(Source data):

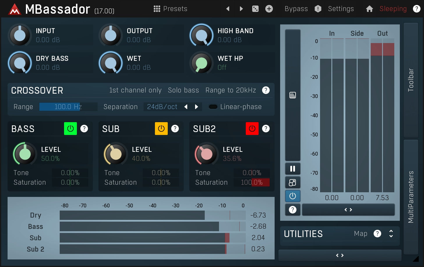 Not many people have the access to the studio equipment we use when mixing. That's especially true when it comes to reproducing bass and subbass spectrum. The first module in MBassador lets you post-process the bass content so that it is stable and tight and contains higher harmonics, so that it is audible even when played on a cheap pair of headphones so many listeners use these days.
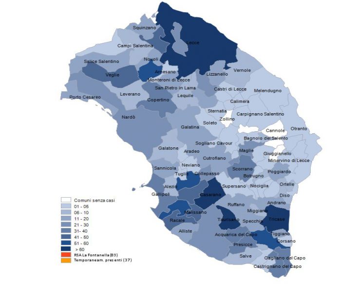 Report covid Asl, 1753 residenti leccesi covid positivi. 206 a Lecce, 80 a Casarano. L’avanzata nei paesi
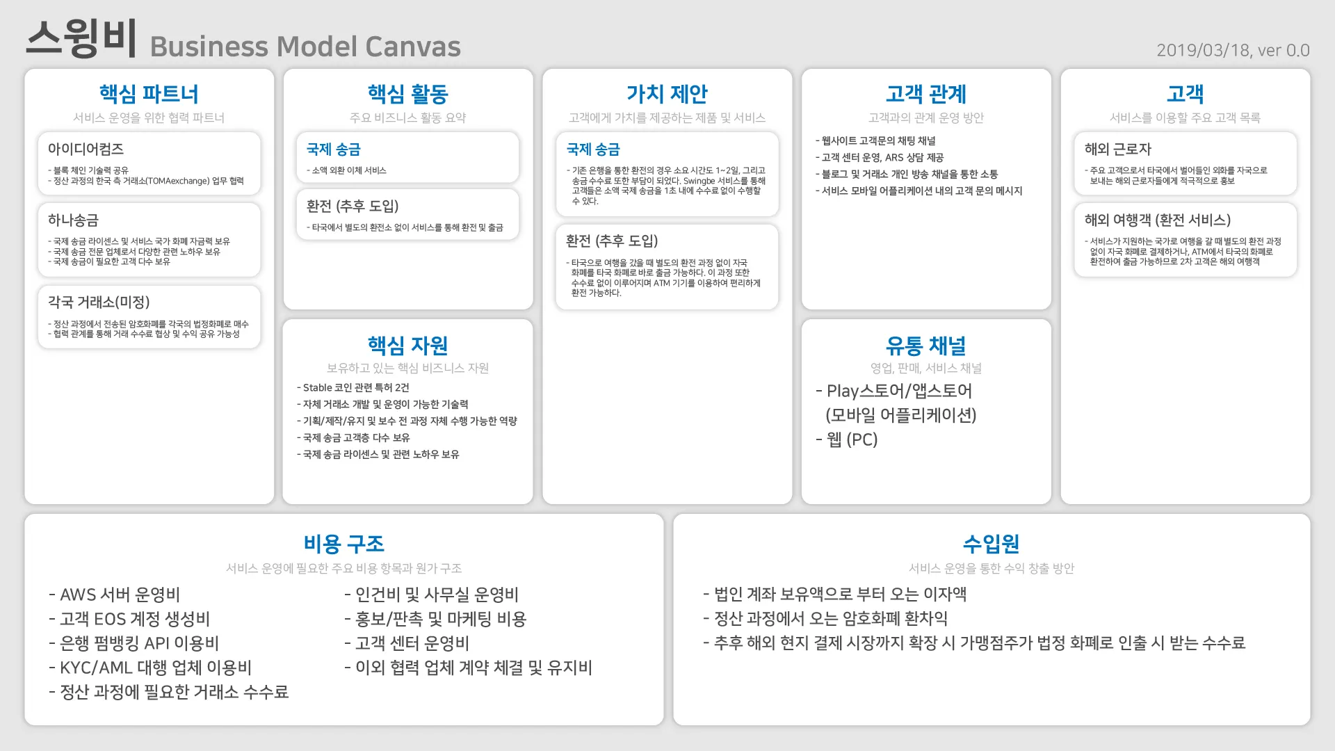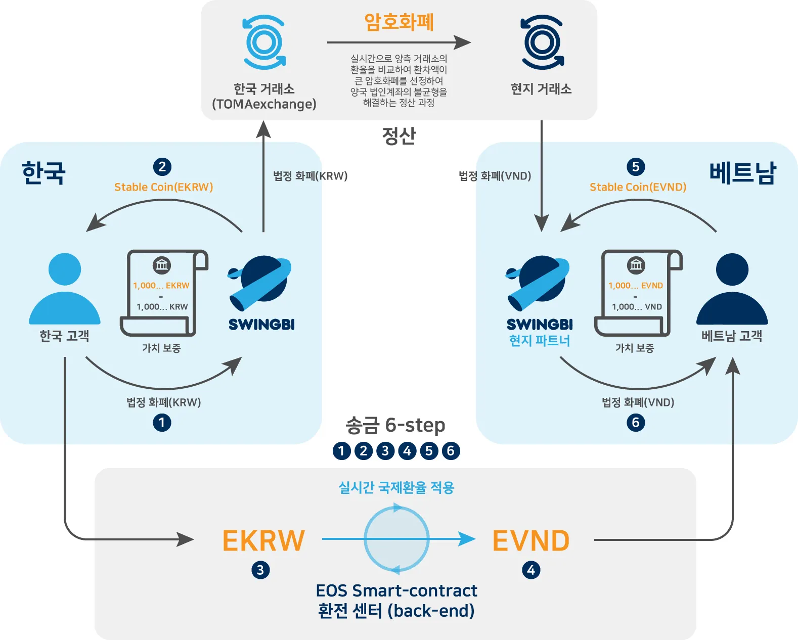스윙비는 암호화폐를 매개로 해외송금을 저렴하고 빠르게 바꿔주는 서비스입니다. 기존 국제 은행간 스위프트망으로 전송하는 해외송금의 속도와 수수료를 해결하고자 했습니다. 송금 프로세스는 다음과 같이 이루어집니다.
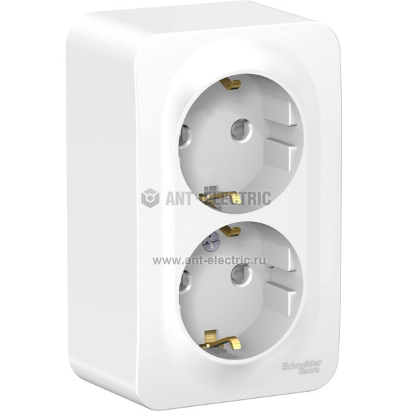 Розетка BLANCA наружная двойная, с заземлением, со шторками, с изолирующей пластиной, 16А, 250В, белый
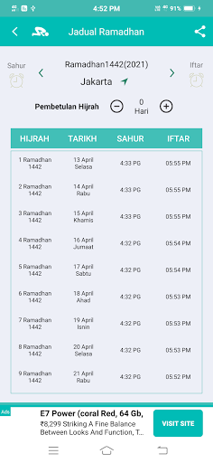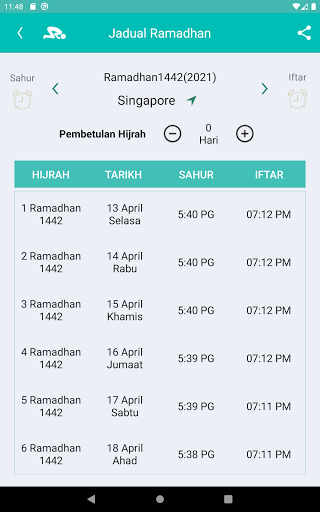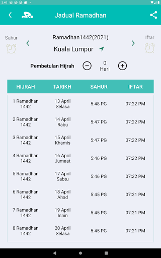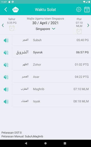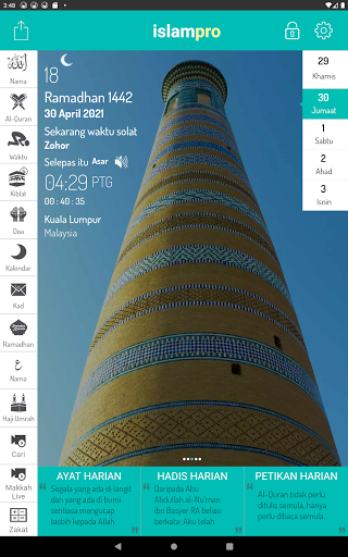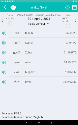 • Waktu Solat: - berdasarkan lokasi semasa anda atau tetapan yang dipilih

(Exercise requirements): Lines before the one containing "스윙비는 암호화폐를 매개로" are not wanted; repeat that line and the rest of the listing exactly, leaving out pictures.

(Answer box):
스윙비는 암호화폐를 매개로 해외송금을 저렴하고 빠르게 바꿔주는 서비스입니다. 기존 국제 은행간 스위프트망으로 전송하는 해외송금의 속도와 수수료를 해결하고자 했습니다. 송금 프로세스는 다음과 같이 이루어집니다.
 Розетка BLANCA наружная двойная, с заземлением, со шторками, с изолирующей пластиной, 16А, 250В, белый
 • Waktu Solat: - berdasarkan lokasi semasa anda atau tetapan yang dipilih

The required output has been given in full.